豊かな体験をしてほしい、と願う看護教員へ(雑誌『看護教育』より)
書評者: 高塚 由香里 (ハートランドしぎさん看護専門学校)
 「豊かな感性」と「臨床の知」を育む看護学生にとって、経験が非常に大きな意味をもつといえます。経験はそれぞれの体験に意味づけがなされて蓄積されていくことや、体験には実感・発見・感動があることに鑑みると、学生にとってのより豊かな体験を意図的に準備することが、私たち教員には求められます。

 看護実践能力の育成のために、体験の機会を多くもち、振り返りを充実させることの必要性は常に言われており、看護教育の現場においてさまざまな体験学習の方法が活用されています。そのなかでも、臨地実習は代表的な体験学習の場であり、患者・家族・他の医療従事者の方々とのかかわりから学習を深めることのできる最も貴重な体験です。しかし、やり直しのきかない本物の体験であり、リスクを伴うことになるため、多くの学校では事前にロールプレイやシミュレーションを実施しています。私の勤務する看護学校においても、ロールプレイやシミュレーションによる演習を体験することで、学生は安全を保障された環境のなかで自身の行動のイメージができ不安の軽減につながっているようで、必要な学習方法であると実感しています。

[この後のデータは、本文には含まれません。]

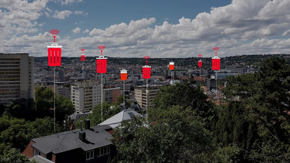Im Internet der Dinge (der Mülleimer ist genau so ein „Ding“) funken Gegenstände Statusinformationen über eine eigens dafür aufgebaute Funkinfrastruktur. Diese sogenannten Low-Power-Netzwerke übertragen Datenpakete mit – der Name sagt’s – niedrigem Energieverbrauch. Mit sehr überschaubarem Aufwand lassen sich so große Gebiete abdecken, z. B. ein Betriebshof oder eine komplette Innenstadt. Die erfassten Messwerte und Daten werden auf einer zentralen Plattform gebündelt, ausgewertet und visualisiert. Prozesse können auf diese Weise bestmöglich optimiert und neue digitale Services entwickelt werden. Die Einsatzmöglichkeiten sind vielfältig, hier einige Beispiele:
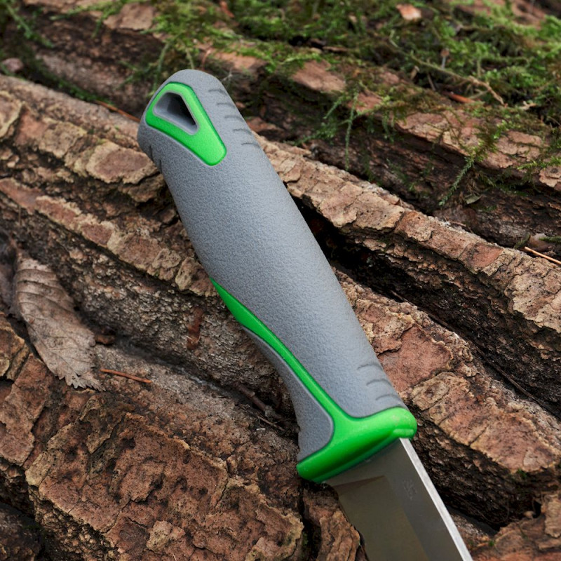 На руківʼї завдовжки 115 мм відсутні гострі краї, запобігаючи натиранню долоні, що особливо важливо під час тривалої та інтенсивної роботи з інструментом. Матеріал руківʼя комбінований: основа виготовлена з поліпропілену (PP) з покриттям із термопластичної гуми (TPR). Це поєднання наділяє руківʼя міцністю та довговічністю, зокрема воно не боїться механічного впливу та зберігає цілісність у разі сильного удару. Нековзна, ребриста поверхня матеріалу зводить до нуля ковзання інструменту у вологій долоні, а дрібні насічки ближче до клинка формують упор під палець.
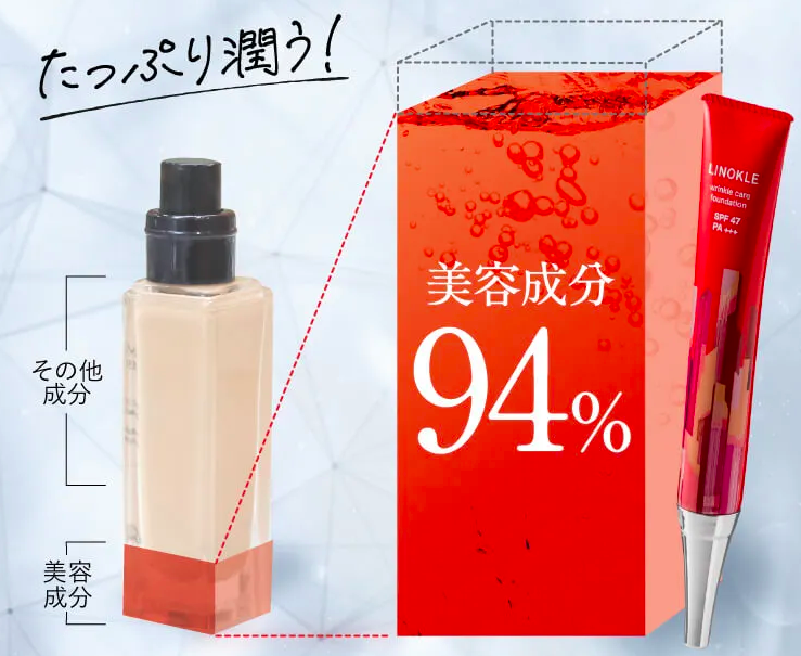 リノクルはファンデーションのカバー効果の他にも美白効果やシワ改善などの効果が期待できます。
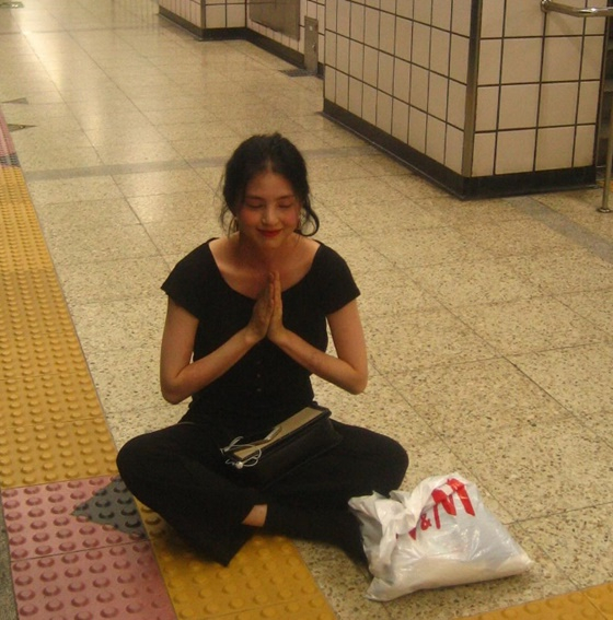 특히 한소희는 지하철 플랫폼에서 명상을 하고 있어 눈길을 끌었다. 그는 바닥에 그대로 주저앉아 가부좌를 틀고 명상을 하고 있다. 명상을 하며 여유를 찾은 듯 밝은 미소를 짓고 있다.
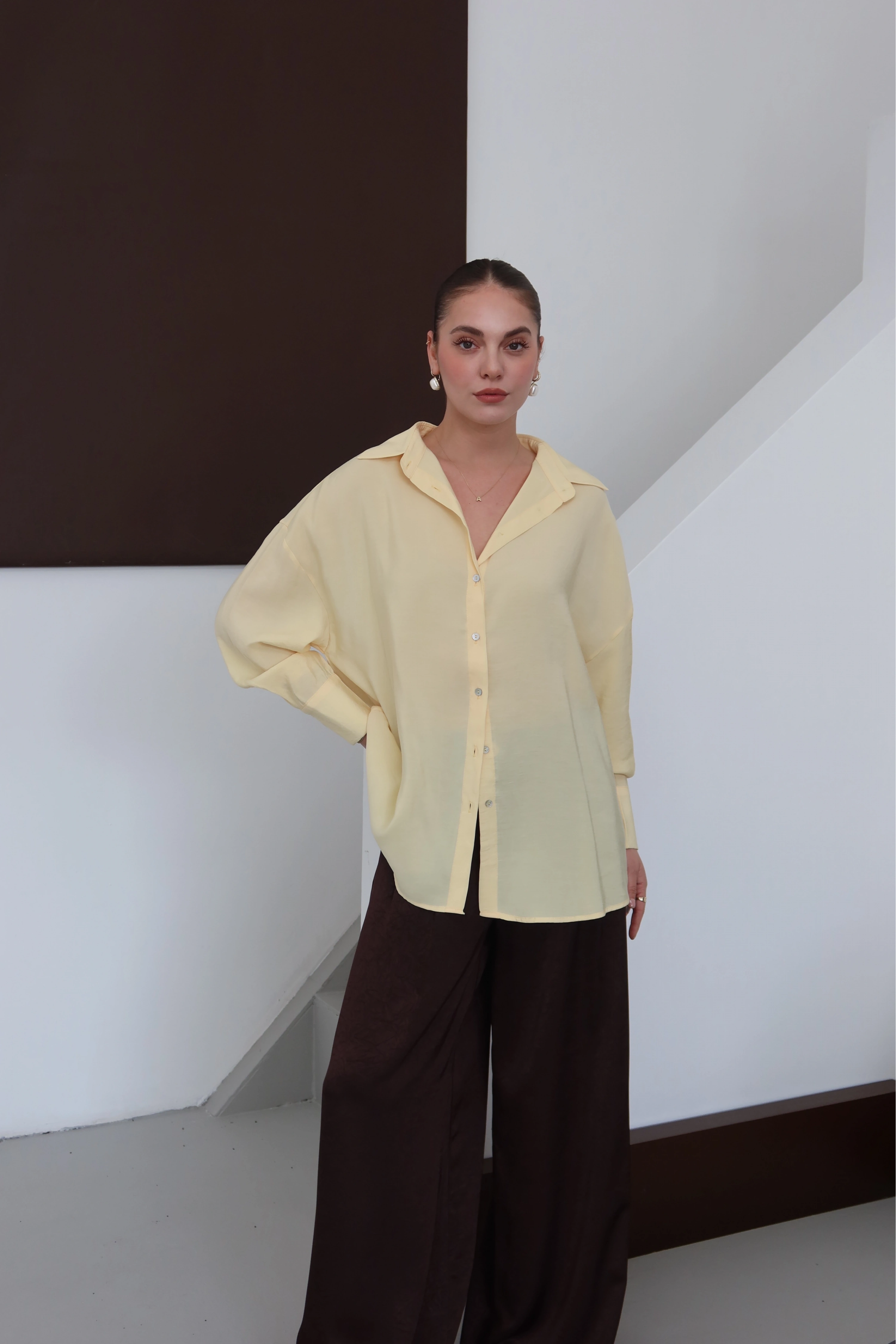ROÉA Dökümlü Oversize Modal Gömlek, bedeni özgür bırakan geniş kesimiyle konforu en üst seviyeye taşırken, kumaşın ipeksi ağırlığıyla asil bir döküm sergiliyor. Doğal modal liflerinin nefes alan, cilde dost dokusu, her hareketinizde vücudunuzla birlikte akan bir zarafet sunuyor. Klasik gömlek detaylarını modern ve eforsuz bir hacimle yeniden yorumlayan bu tasarım, hem yalın hem de çarpıcı görünmek isteyen ROÉA kadınının gardırop anahtarı.

 本書は、第1部で体験学習の理論をふまえてその意義や特徴の理解を得て、第2部で体験学習の具体的方法を学ぶという2部構成になっています。また、付録ではロールプレイのシナリオやシミュレーションガイドなどが掲載されており、具体的な教員用実施要項があるため、授業案を作成する際の参考書としても活用できることと思います。

 第2部の体験学習の方法では、計画や振り返りについて詳しく述べられているとともに、シミュレーション、ロールプレイ、臨地実習という代表的な体験学習について実践に役立つように整理されています。さらに、第10章では「体験の場は授業に限らない」として、学生のカリキュラム外のさまざまな体験全体を広く学習の場ととらえて成長を支援する準正課教育についても示されています。「単位にかかわる授業だけを学生の学習経験ととらえるのではなく、学生のさまざまな経験全体を広く学習の場ととらえて、成長を支援するのです」という著者の考えは、自由度の少ないカリキュラムのなかにあっても、学生に広い視野をもって豊かな体験をさせたいという思いが伝わってきました。私自身も、学校行事やボランティア活動などの学生のあらゆる体験が看護師になるうえで貴重であると確信していますので、とても共感しながら読み進めることができました。

 「未来の看護を担う看護学生に豊かな体験をしてほしい」と願い、その方法を模索している看護教員の皆さまにぜひ読んでいただきたい1冊です。